I would like to announce that my wife and I are expecting our 2nd child. It is very exciting for us our baby is due on the 7-July.


----------



## Big Hobbit (Nov 2, 2010)

That is just the best news I've heard these holidays!!

Congrats to you and your better half... 

Well timed too. She'll be carrying the heavy weight at your coolest time of the year...


----------



## Surtees (Sep 11, 2007)

Big Hobbit said:


> That is just the best news I've heard these holidays!!
> 
> Congrats to you and your better half...
> 
> Well timed too. She'll be carrying the heavy weight at your coolest time of the year...


Thanks BH I'm glad to have given you some good news.
Yes the better half is happy about that bit although summer hasn't really been that warm here yet we've only had a couple of days reach 30c so far I think I was in pants for half of decembeer.


----------



## broken tee (Jan 13, 2008)

Surtees said:


> This is my 3000 post and I thought there was no better post to use for it then to share some news with you all.
> 
> I would like to announce that my wife and I are expecting our 2nd child. It is very exciting for us our baby is due on the 7-July.
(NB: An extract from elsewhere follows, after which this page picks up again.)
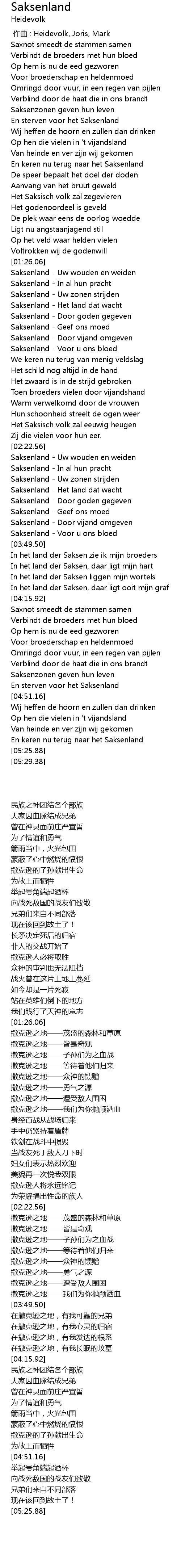 | [02:53.58] | Saksenland Voor u ons bloed |

What a great way to end the year and start a new one with the news of your baby.
Bob


----------



## Cajun (Jan 17, 2010)

Congrats Luke! That's great news!


----------



## Kyle Lucernas (Nov 8, 2011)

You ended the year with a bang! Congrats on your new baby!


----------



## stevel1017 (Apr 30, 2007)

Congrats !!!


----------



## FrogsHair (Mar 4, 2010)

Congrats to you and yours.:thumbsup: My question is why did it take 300 posts?  It is a small world, since we are expecting our first Grat Grand Child sometime next summer also.:thumbsup:


----------



## Surtees (Sep 11, 2007)

FrogsHair said:


> Congrats to you and yours.:thumbsup: My question is why did it take 300 posts?  It is a small world, since we are expecting our first Grat Grand Child sometime next summer also.:thumbsup:


Thank you everyone.

lol it really had nothing to do with the post Frog. You can tell your in the other part of the world because our baby is due in winter good luck to your family I hope every thing goes well


----------



## golfjunk (Aug 4, 2010)

Congratulations! Great news!


----------



## Hogan Project (Sep 18, 2011)

Congrats! Be sure to get him or her a toy putter for the playpen!


----------



## Longputt (Jan 3, 2012)

That is awesome news!!! Congratulations!!!!!!!


----------



## 373 (Jun 9, 2006)

Maybe the baby will be on Skype more than you are. Congrats to you and Julia...


----------